Today a Data Platform is expected to process and analyze a multitude of sources spanning batch files, streaming sources, backend databases, REST APIs, and more. There is clearly a need for standardizing the platform that scales and be flexible letting data engineers and data scientists focus on the business problems rather than managing the infrastructure and backend services. Another key aspect of the platform is multi-tenancy to isolate the workloads and able to track cost usage per tenant.
In this talk, Richa Singhal and Esha Shah will cover how to build a scalable Data Platform using Databricks and deploy your data pipelines effectively while managing the costs. The following topics will be covered:
Richa Singhal: Hello everyone, welcome to Data + AI summit 2021. I’m Richa Singhal. Me and my colleague, Esha, are here to talk about managing and scaling data pipelines with Databricks. We are both Senior Data Engineers and a part of Go-To Market Data Engineering team at Atlassian. So little bit about our team, so our team enables marketing and sales teams to drive company growth and strategic business priorities by democratizing the data.
Esha Shah: The main focus of our session is to share how Databricks has helped us scale. We start with who we are, followed by a glimpse of the challenges we faced a few years ago, and then we’ll walk you through how we use Databricks. Now for folks who don’t know about Atlassian, we believe that teams can change the world and it is our mission to unleash the potential in every single team. Our products, some of it you see on the screen, helps team organize, discuss, and complete their work. So over the last five years, we’ve seen rapid growth, in terms of data and also in terms of the users accessing it for insights. And thankfully we’ve been able to scale and keep up with the business’s growing needs, and today we operate on a multi petabytes scale. We’d like to share what we think helped us the most in our journey.
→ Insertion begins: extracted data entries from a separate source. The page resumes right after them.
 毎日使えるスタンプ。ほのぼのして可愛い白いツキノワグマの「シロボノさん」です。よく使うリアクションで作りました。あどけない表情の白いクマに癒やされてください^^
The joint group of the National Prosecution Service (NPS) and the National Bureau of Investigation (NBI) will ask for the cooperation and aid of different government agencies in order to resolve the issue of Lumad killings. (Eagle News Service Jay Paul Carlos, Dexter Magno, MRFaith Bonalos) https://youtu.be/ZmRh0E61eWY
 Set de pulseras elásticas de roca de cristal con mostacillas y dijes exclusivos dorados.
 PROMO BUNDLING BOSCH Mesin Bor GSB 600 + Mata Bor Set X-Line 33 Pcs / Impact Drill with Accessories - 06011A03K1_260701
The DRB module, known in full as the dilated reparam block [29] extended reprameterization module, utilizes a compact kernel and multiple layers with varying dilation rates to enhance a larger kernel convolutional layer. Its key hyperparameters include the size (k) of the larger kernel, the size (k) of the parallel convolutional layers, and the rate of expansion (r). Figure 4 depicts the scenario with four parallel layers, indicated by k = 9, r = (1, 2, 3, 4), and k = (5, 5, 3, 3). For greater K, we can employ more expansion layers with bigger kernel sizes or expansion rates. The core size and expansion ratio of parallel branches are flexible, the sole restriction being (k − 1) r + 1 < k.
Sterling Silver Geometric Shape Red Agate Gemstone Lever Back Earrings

So this is the architecture from five years ago, and as you can see here, our architectural key components are common to most analytics flows. So we ingest data from a bunch of in-house, as well as enterprise sources, in addition to real-time events, using third-party connectors, APIs, event streams, and batch processes. And then for critical sources, we implement change data capture in the transformation layer. Our storage layer consists of a data lake and our analytical data model which is then consumed for operations and analytics. As you can see here, we used to heavily rely on EMR clusters and Spark for all of our ETL use cases, and all of our creating was mainly done using Athena.
Now, with EM, we had the ability to transform data at scale, but we ran into issues. For one, our dev cycle took too long, and even basic development operations were extremely hard. Example, every single time we iterated over code and made changes to code files, those would have to be copied over to the clusters. Accessing and inputting logs was hard, and we had no clear visibility into the historical job runs. Also since we were responsible for spinning up and shutting down clusters, we started running into instances where we’d see idle instances, which continue to exist and add to cost, just because developers had forgotten to shut them down. Now, another major issue for us was cross-team dependencies. Analytics was heavily dependent on data engineering and we gave the engineers on the [inaudible] team.
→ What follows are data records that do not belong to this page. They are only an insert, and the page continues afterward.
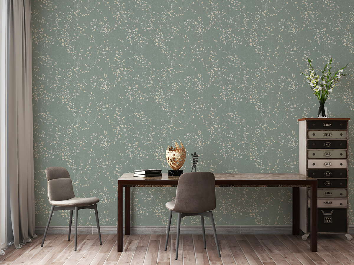 По абсолютно матовой поверхности коллекции «Виола» струятся изящные ветви с небольшими цветками. Деликатный рисунок напоминает объёмную ручную вышивку на благородной ткани. Интерферентные краски с перламутровым отливом подчёркивают затейливые изгибы, а редкие штрихи глиттера добавляет узору едва уловимое сияние.
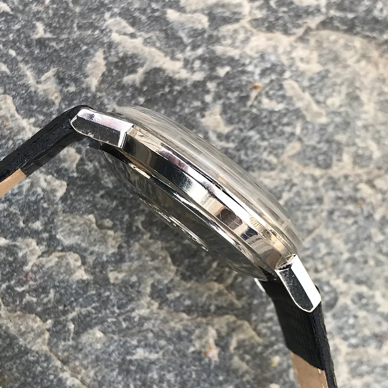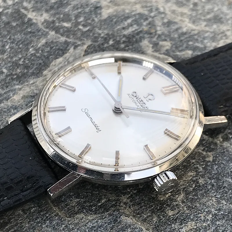 In addition to the two special features (more later) of this automatic Seamaster, it is cased in a Seamaster DeVille monocoque steel case. The Seamasters from the sixties, like this one, rarely come with the combination of a no date automatic, and it is even rarer to find the OMEGA name applied in white gold on the dial. Standard on the Constellations only, it ads exclusivity to this example of clean watch design. Unfortunately it is not in mint condition all over, mainly because some lume is missing from the hands, (the crystal and crown have also been replaced at one time), but non the less a super vintage Omega with the favorite material combination: silver dial with white gold indexes. A fully serviced watch (September 2020), it carries a 12 month watchmaker´s warranty. Case diameter 34mm, dating from ca 1965.
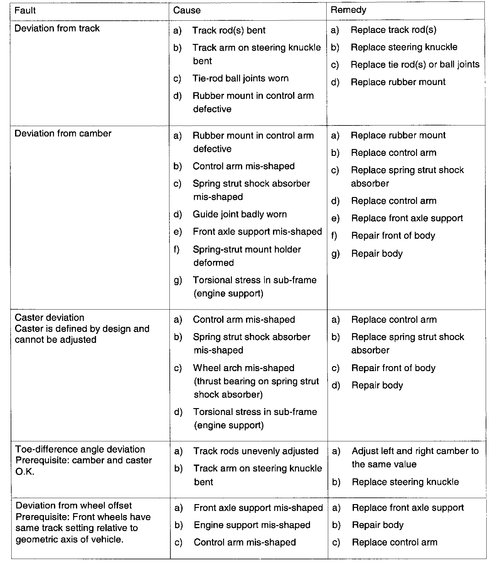 Troubleshooting on the Front Axle (Alignment Check)

Our biggest overhead was with supporting analysts when it came to creating datasets. Our analysts had to wait on DE to unblock them for basic tasks. Also, when it came to visualization during the depth process or during the UAD process, that was a completely different task, and there was no easy way to share those results. We were dependent on the platform team for all of the cluster management activities, softwares updates, additional libraries, and resource permissions. To add to this, our auto-scaling algorithm, using spot nodes, was blurred, and we constantly run into issues while managing workloads. You could say that collaboration was non-existent unless you were sharing screens, and all context was lost when you shut the clusters down.
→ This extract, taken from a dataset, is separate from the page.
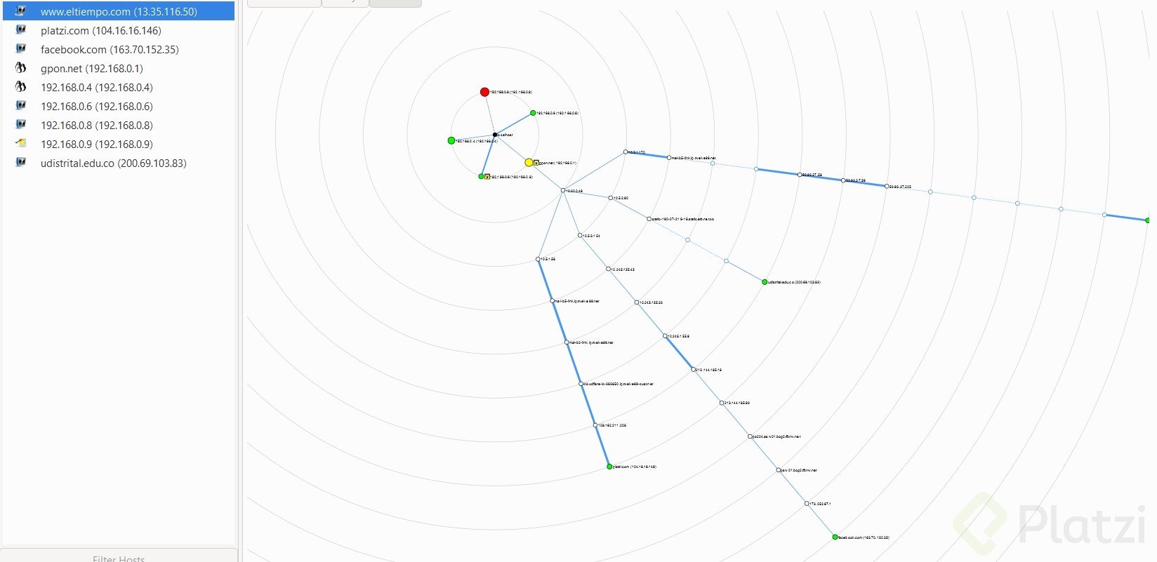 Traceroute permite ver por dónde pasa un paquete antes de llegar a su destino final (no es una conexión directa, pasa por distintos dispositivos).
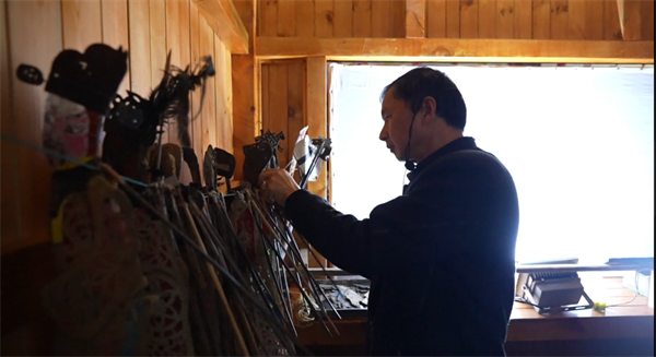 上栗皮影戲市級代表性傳承人肖雪萍說,從1979年開始跟著爺爺學皮影戲,如今已有46年了。演皮影戲,最重要的就是投入情感,讓大家看得歡喜、有味道。

Richa Singhal: So we definitely needed a platform that not only caters to the performance needs of our growing data, but also provides self-service to empower business users and decision makers, to do their job effectively. Standardization, to make data processes consistent across teams. Automation, to provide easy access to data, and improve mobility, and maximize the returns. Agility, to try and be responsive in rapidly changing environment. And last but not the least, is the ability to track and optimize platform and operational cost at scale. So Databricks seem to fit all areas of our checklist and provided much more, and hence our platform team made a decision to invest in Databricks platform. So this is how our data architecture looks today. We started using Databricks platform heavily across four main pillars, highlighted in blue here. So use case including streaming and batch injection, data back fills, change data capture for data processing.
We have started using Databricks Delta for our Delta Lake, also for Databricks Notebooks for analytics and ad hoc analysis, using ML Flow to operationalize data science platform. So let’s look at our success story. So in last three years, we have seen key improvements by using Databricks platform. So these improvements are primary around rapid development, collaborations, scaling, and self-service. For rapid development, with ready-to-use platform, we were able to reduce overall development time by increasing good reliability due to better Desk practices. Collaboration, reduce duplicate effort and code redundancy by simplified and co-authoring. And then scaling, so as data grows, we were able to support data scaling needs while managing infrastructure usage cost. And self-service, we make teams self-serve and self-reliant while removing cross-dependency to other teams for simple tasks. So all of these key improvements helped in reducing the overall platform cost.
Let’s discuss about our Databricks adoption journey and deep dive into following areas. We will be discussing how we build data pipelines, orchestration, Delta Lake analytics, and data science use cases. So building a data pipeline is the core part of any data team, it can range from ETL batch processing, you can say running data science models, et cetera. So the goal here is to standardize the data pipeline processes across different teams. At Atlassian, teams spanning from data engineering, analytics, data science use two different ways to maintain their data pipelines. So one is using the Databricks Notebooks, and the other is DB-Connect Library. So why we adopted two different development methods here? So Notebook style development is primary use for lightweight and ad hoc development that requires interactive access to data. DB-Connect, on the other hand, is useful in during intensive pipeline development. We’ll discuss these two development methods in next few slides, and how we couple it with Atlassian’s Bitbucket for seamless DevOps experience.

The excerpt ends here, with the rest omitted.